What version are you deploying?
There was a recent issue in Unstrucutred.io with NTLK version dependencies(https://github.com/Unstructured-IO/unstructured/issues/3511), but our latest release v1.2 should be up to date with compatible versions of both.
If that is not working, I suggest trying to use punkt_tab
instead of punkt
in https://github.com/microsoft/PubSec-Info-Assistant/blob/1038af555477f43b5ebc095e609f2ee5b0c09a4d/functions/shared_code/utilities.py#L17 due to recent changes in NTLK (https://github.com/nltk/nltk/issues/3266#issuecomment-2284001819).
Please let us know if this resolves your error and we will update accordingly.
Hello,
We make a new deployment with the latest updates on v1.2 but we still have the issue with indexing some books.
Could you please advice how to use punkt_tab instead of punkt, we need to delete punkt or something else needs to be done?
Thank you in advance!
Hello,
Do we have any updates?
Thank you.
Please update the following line of code in this file here-> from: "nltk.download('punkt')" to: "nltk.download('punkt_tab')". After the update is made, please run "make deploy-functions" to deploy out your updated function code to your function app. Please note, if you deployed with secure mode enabled, please establish connectivity first using a VPN. etc prior to deploying as the infrastructure is network restricted
Hello,
The update was made successfully:
Now our books are in state queued for more than 30 minutes.

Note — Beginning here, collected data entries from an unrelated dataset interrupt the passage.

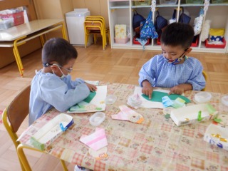 のりをチョンっと指でとって丁寧に塗る姿がありました。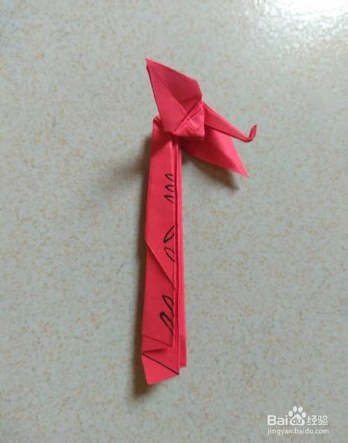 用剪刀按照画出的图案来剪,然后把长边打开一些,一只凤凰就折好了。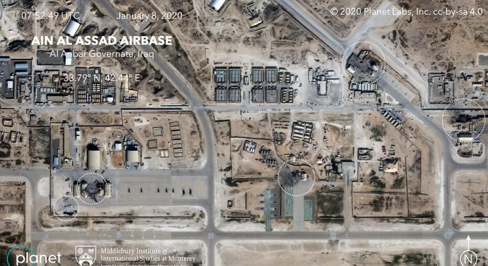 Авиабаза Эйн-аль-Асад после ударов иранских ракет. Фото со спутника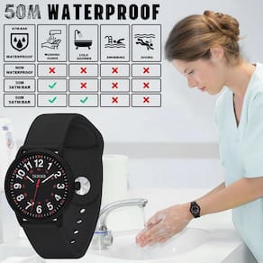 Especificações do produto Forma da caixa: redonda Tipo de tela: 3 mãos Movimento analógico: quartzo japonês Largura da pulseira: 20 mm/0,78 polegadas Diâmetro da caixa: 38 mm/1,49 polegadas Espessura da caixa: 9,9 mm/0,39 polegadas Material da pulseira: silicone Material traseiro da capa: aço inoxidável Material da coroa: aço inoxidável Profundidade resistente à água: 50 metros/164 pés* Os dados são medidos manualmente e podem conter pequenos erros. Consulte o produto real para obter precisão. - Fácil de ler: o relógio com marcações de 12 e 24 horas ajuda você a ler facilmente o horário militar; ponteiro e marcador luminosos; diâmetro da caixa de 38 mm/1,49 pol. - Relógio de enfermeira com segunda mão: relógio analógico japonês com movimento de quartzo, cronometragem precisa. O ponteiro vermelho altamente visível dos segundos facilita a obtenção de leituras de pulso precisas. - Relógio impermeável 5ATM: resistente à água até 50 m (164 pés), adequado para chuveiros de água fria e natação curta, mas não para mergulho ou snorkel! - Durabilidade e conforto: a pulseira de silicone é macia e confortável, fácil de limpar; possui barras de mola de liberação rápida para fácil remoção e substituição. O vidro mineral é resistente ao desgaste e a arranhões. - Compre com confiança: se o relógio parar de funcionar em uso normal dentro de 12 meses após a compra, você receberá um reembolso total ou uma substituição . Sinta-se à vontade para entrar em contato conosco a qualquer momento se encontrar algum problema, forneceremos uma solução satisfatória.

I will check again the state tomorrow morning and provide you with feedback.
Hello,
All books are still in queued status.
I delete them and now trying to index them again but when I am uploading 5 files in the upload status tab I see only 3 in status uploaded.
The files are like this for more than 30 minutes.
Please help us to fix this.
I wait one hour and after this make a resubmit and for more than 2 hours the status of those three books is queued:
Please navigate to your Azure Function App in the Azure Portal. Ensure the Azure Function App is running and all the Azure Functions are deployed and enabled. If all of those assets look OK, please use the workbook to view the logs for any errors as defined here
Hello,
Please be informed that all Functions are enabled:
Could you please advice how to fix this issue?
I would recommend debugging the functions locally in VSCode to determine the root cause error. https://github.com/microsoft/PubSec-Info-Assistant/blob/main/docs/function_debug.md
Hello,
This is the result from debugging:
[2024-10-17T10:08:49.460Z] Executed 'Functions.FileFormRecSubmissionPDF' (Failed, Id=135a81d4-4cba-41b5-bb5c-358f84dab57f, Duration=9ms)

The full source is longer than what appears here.